Avinguda del Paral·lel (/ca/; 'Avenue of the Parallel') is one of the main streets of the city of Barcelona, dividing Ciutat Vella, Eixample and Sants-Montjuïc districts. It receives this name because it is (unlike any other street in Barcelona) parallel to the Equator (at 41°22′30″ North). It runs from Plaça d'Espanya, where the city's exhibition halls are located, to the seafront, Plaça de la Carbonera and the passenger ship port, dividing the neighbourhood of Poble Sec, on the side of Montjuïc, from the neighbourhoods of Sant Antoni and El Raval. It was officially inaugurated on 11 October 1894.

El Paral·lel, as the avenue and sometimes the surrounding quarter are called, is most known for theatres (as of 2009, there are three in the avenue, Apolo, Condal and Victoria, but there were many more), as well as cabarets and erotic shows, or the Sala Apolo.

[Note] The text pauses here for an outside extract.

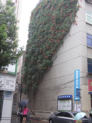 七夕节期间,湖北省郧西县安全生产监督管理局办公楼门前道子口,一丛四棵直径5—12厘米,高18米,占墙面积150平方米的爬山虎编织的绿壁吸引游客驻足观赏.该爬山虎栽植单位郧西县交通局局长程骏介绍说:这丛爬山虎生长了20多年,由萌生的4根主茎组成,经多年生长呈长方型,成为全省首屈一指的大型爬山虎植物。

In the past it was the core of Barcelona's nightlife, with music halls and other venues, but this has declined in favour of the city centre and Eixample, and some urban decay is visible. El Molino, once one of the city's most renowned cabarets, was reopened in 2010.

==Other names==
The original name was Paral·lel, the Catalan language name of the street, according to the city layout plan of 1859 by Ildefons Cerdà.
The street was officially opened 8 October 1894.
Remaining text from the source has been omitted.